Differential precipitation of isolated human plasma lipoproteins with heparin and manganese chloride

JM Ruiz-Albusac, E Velazquez and A Montes
Department of Biochemistry, Faculty of Medicine, Universidad Complutense, Madrid, Spain.

We studied the precipitation of isolated lipoproteins with heparin and MnCl2. Lipoproteins were isolated from human plasma by preparative ultracentrifugation and their free cholesterol was labeled. Each lipoprotein fraction was then precipitated at various pHs, with or without bovine serum albumin (60 g/L) present. Under no set of conditions was one class of lipoproteins completely separated from the other two.

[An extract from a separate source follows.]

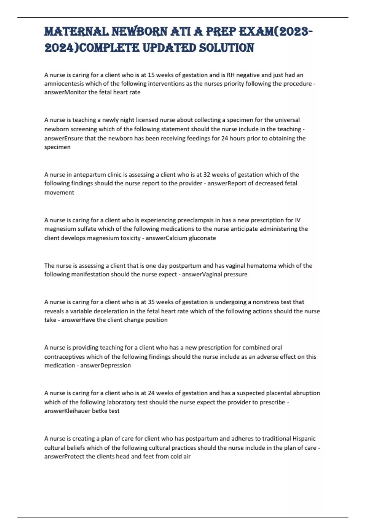 2024)Complete U pdated S olution A nurse is caring for a client who is at 15 weeks of gestation and is RH negative and just had an amniocentesis which of the following interventions as the nurses priority fo llowing the procedure - answerMonitor the fetal heart rate A nurse is teaching a newly night licensed nurse about collecting a specimen for the universal newborn screening which of the following statement should the nurse include in the teaching - answerE nsure that the newborn has been receiving feedings for 24 hours prior to obtaining the specimen A nurse in antepartum clinic is assessing a client who is at 32 weeks of gestation which of the following findings should the nurse report to the provider - answerReport of decreased fetal movement A nurse is caring for a client who is experiencing preeclampsis in has a new prescription for IV magnesium sulfate which of the following medications to the nurse anticipate administering the client develops magnesiu m toxicity - answerCalcium gluconate The nurse is assessing a client that is one day postpartum and has vaginal hematoma which of the following manifestation should the nurse expect - answerVaginal pressure A nurse is caring for a client who is at 35 wee ks of gestation is undergoing a nonstress test that reveals a variable deceleration in the fetal heart rate which of the following actions should the nurse take - answerHave the client change position A nurse is providing teaching for a client who has a n ew prescription for combined oral contraceptives which of the following findings should the nurse include as an adverse effect on this medication - answerDepression A nurse is caring for a client who is at 24 weeks of gestation and has a suspected placent al abruption which of the following laboratory test should the nurse expect the provider to prescribe - answerKleihauer betke test A nurse is creating a plan of care for client who has postpartum and adheres to traditional Hispanic cultural beliefs which of the following cultural practices should the nurse include in the plan of care - answerProtect the clients head and feet from cold air Mater nal Newborn ATI A Prep Exam(2023 -

Specifically, under standard conditions for precipitation of serum lipoproteins (pH 7.4 and protein 60 g/L), 12% of the very-low- density lipoprotein (VLDL) and 8% of the low-density lipoprotein (LDL) remained in the supernatant liquid, and 30% of the high-density lipoprotein (HDL) was precipitated. These results indicate that, under these conditions, so-called HDL cholesterol may be a mixture of VLDL, LDL, and HDL, although the sum of the amount of these three fractions remaining in the supernate is fortuitously very close to the value for HDL cholesterol isolated by ultracentrifugation.